WHAT THIS TASK INVOLVES: Reproduce the data exactly as given, except for any images.

DATA BELOW:
============================================================

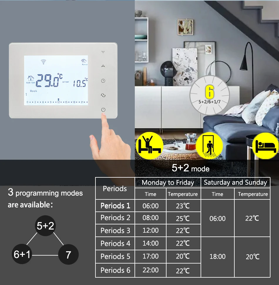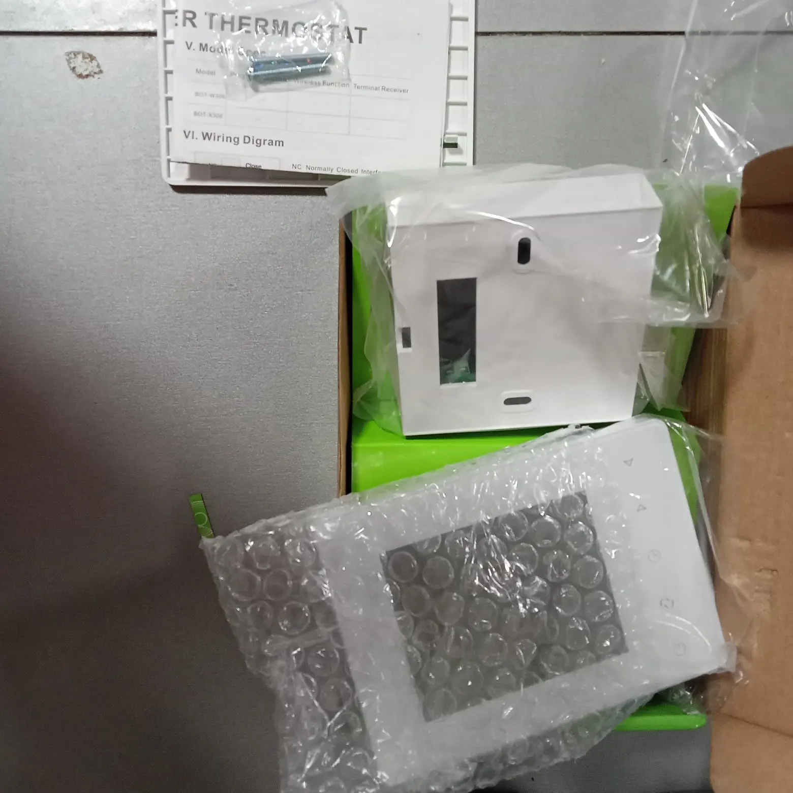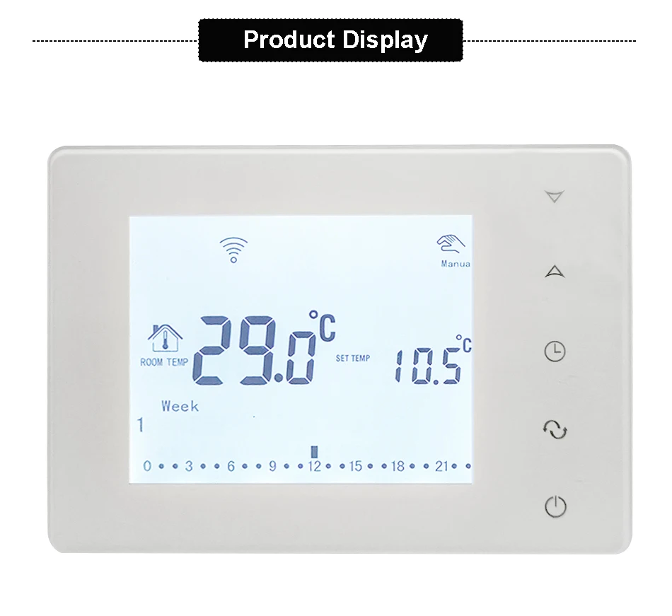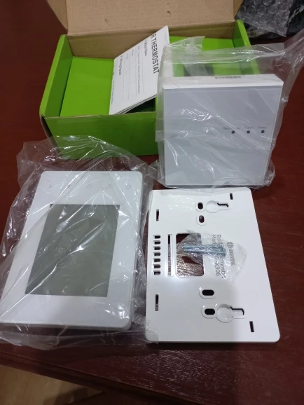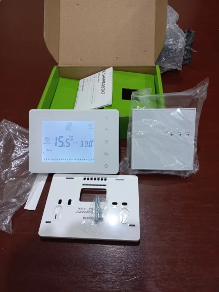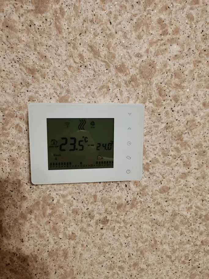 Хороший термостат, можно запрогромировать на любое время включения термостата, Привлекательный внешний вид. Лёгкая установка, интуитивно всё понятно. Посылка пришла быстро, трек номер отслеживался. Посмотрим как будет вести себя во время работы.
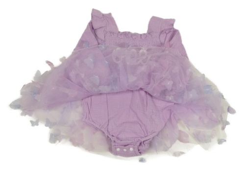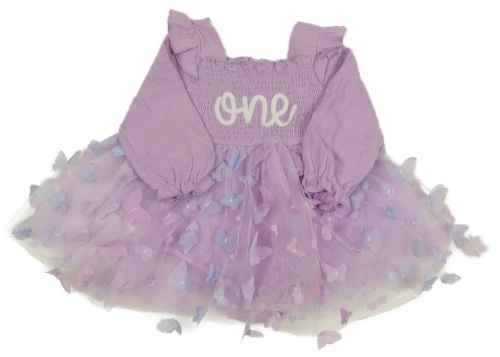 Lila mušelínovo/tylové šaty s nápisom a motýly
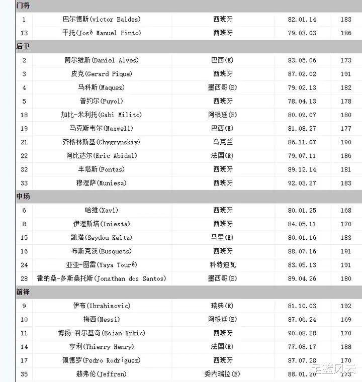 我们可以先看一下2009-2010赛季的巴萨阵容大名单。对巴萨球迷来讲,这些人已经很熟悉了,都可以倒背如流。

============================================================

EXERCISE RESPONSE:
 Хороший термостат, можно запрогромировать на любое время включения термостата, Привлекательный внешний вид. Лёгкая установка, интуитивно всё понятно. Посылка пришла быстро, трек номер отслеживался. Посмотрим как будет вести себя во время работы.
 Lila mušelínovo/tylové šaty s nápisom a motýly
 我们可以先看一下2009-2010赛季的巴萨阵容大名单。对巴萨球迷来讲,这些人已经很熟悉了,都可以倒背如流。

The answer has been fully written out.